In base all'ultimo rapporto Cna riferito al 2025 si può dire che le imprese italiane stiano iniziando a percepire questo cambiamento. Non solo le grandi aziende, ma anche la piccola manifattura si sta aprendo a un crescente interesse verso l’adozione dell’AI. Tuttavia la sua applicazione è ancora limitata nei numeri. Solo il 5,2 per cento delle piccole imprese la utilizza concretamente, ma il 53,6 per cento degli imprenditori ha dichiarato di volerla introdurre nei prossimi anni. L’adozione dell’AI varia a seconda delle funzioni aziendali. Le aziende cominciano a usare l’intelligenza artificiale per prevedere la domanda, ottimizzare la gestione dei magazzini, migliorare l’efficienza delle linee produttive. Ma “il vero salto di qualità sarà legato alla capacità di analizzare dati in tempo reale e trasformarli in azioni concrete” dice Pammolli. “Per esempio, la piccola azienda che produce mattonelle di cemento su base artigianale adesso ha la possibilità di fare lo style-up di una produzione, mantenendo i requisiti qualitativi che aveva in passato ma facendolo su base tecnica più spinta”. Un modo, quindi, per dimostrare che anche la tradizione può trarre beneficio dall’innovazione, senza snaturarsi.
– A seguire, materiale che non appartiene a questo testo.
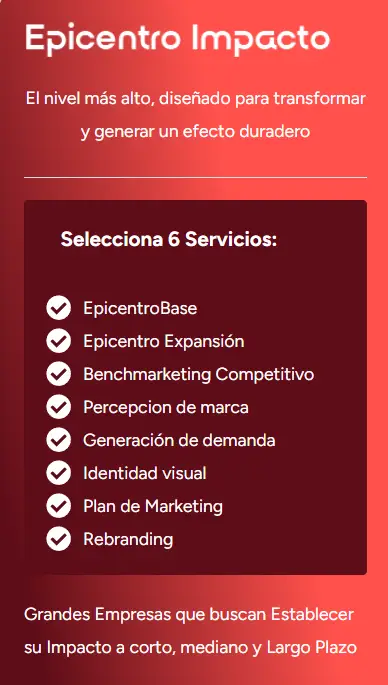 garellanof@outlook.com septiembre 5, 2025 No hay comentarios Epicentro Impacto $ 1,890.00 Incluye IGV El nivel más alto, diseñado para transformar y generar un efecto duradero Epicentro Impacto quantity AGREGAR Category: Uncategorized Description Description Selecciona 6 Servicios: 1.- EpicentroBase 2.- Epicentro Expansión 3.- Benchmarketing Competitivo 4.- Percepcion de marca 5.- Generación de demanda 6.- Identidad visual 7.- Plan de Marketing 8.- Rebranding Related products Epicentro Expansion $ 890.00 Incluye IGV AGREGAR Auditoria Completa $ 500.00 Incluye IGV AGREGAR Epicentro Base $ 690.00 Incluye IGV AGREGAR
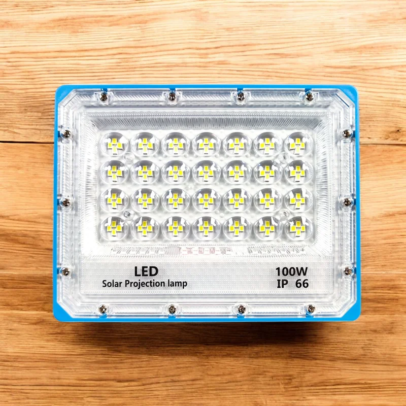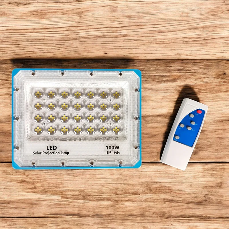 پروژکتور خورشیدی شارژی مدل w100 دارای یک پنل خورشیدی در قسمت پشت با ۱۱۲ ال ای دی پر نور ، دارای کنترل از راه دور و تایمر ، پایه فلزی قابل تنظیم برای نصب در سطوح مختلف و البته گواعی ضد آب ip66 ، این محصول جدای از پنل خورشیدی از طریق کابلتایپ سی هم شارژ میشود و به علاوه نور سفید نور پلیسی چشمک زن هم دارد
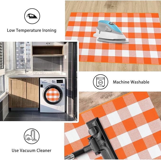 - Non-Fading Cotton Materials: Orange and white buffalo check rug made of cotton materials,soft and comfortable to the touch,the eco-friendly fabric is great at water absorption, antistatic.Due to yarns that are dyed into specific colors before being woven into a design,not printed,needn't worry faded,making it more suitable for outdoor use
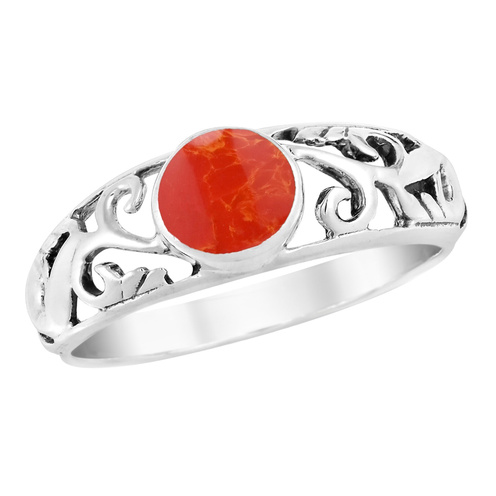 Intricate Lace Swirl Vines Round Red Coral Sterling Silver Ring-7
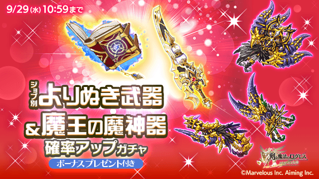 期間中、ガチャの「オススメ」タブにて「ジョブ別 よりぬき武器&魔王の魔神器確率アップガチャ」を販売します。

Nel report Cna emerge con chiarezza che una delle sfide più rilevanti per la piccola manifattura non è tanto tecnologica, quanto culturale e organizzativa: serve una maggiore formazione, servono competenze interne, serve soprattutto una strategia. Circa 172 mila imprese manifatturiere, stima il report, sono “pronte a partire” con l’adozione dell’AI ma non hanno ancora fatto il passo, per difficoltà economiche, incertezza o mancanza di conoscenze specifiche. Pammolli esprime ottimismo ed esclude che l’Italia venga penalizzata dalla dimensione delle sue imprese:. “Non vedo uno svantaggio comparato per le imprese italiane in quanto più piccole. Anzi, vedo la necessità di scalare i processi di produzione. In più, il mercato sta facendo il suo lavoro: chi è più pronto e competitivo integrerà l’AI nei processi, chi non lo è resterà indietro". Sarà dunque una selezione naturale, più che una crisi. Il rischio esiste, soprattutto per le aziende meno digitalizzate o più isolate, ma non è un destino inevitabile. Anzi, in questo scenario si aprono nuovi spazi per chi sa reinventarsi.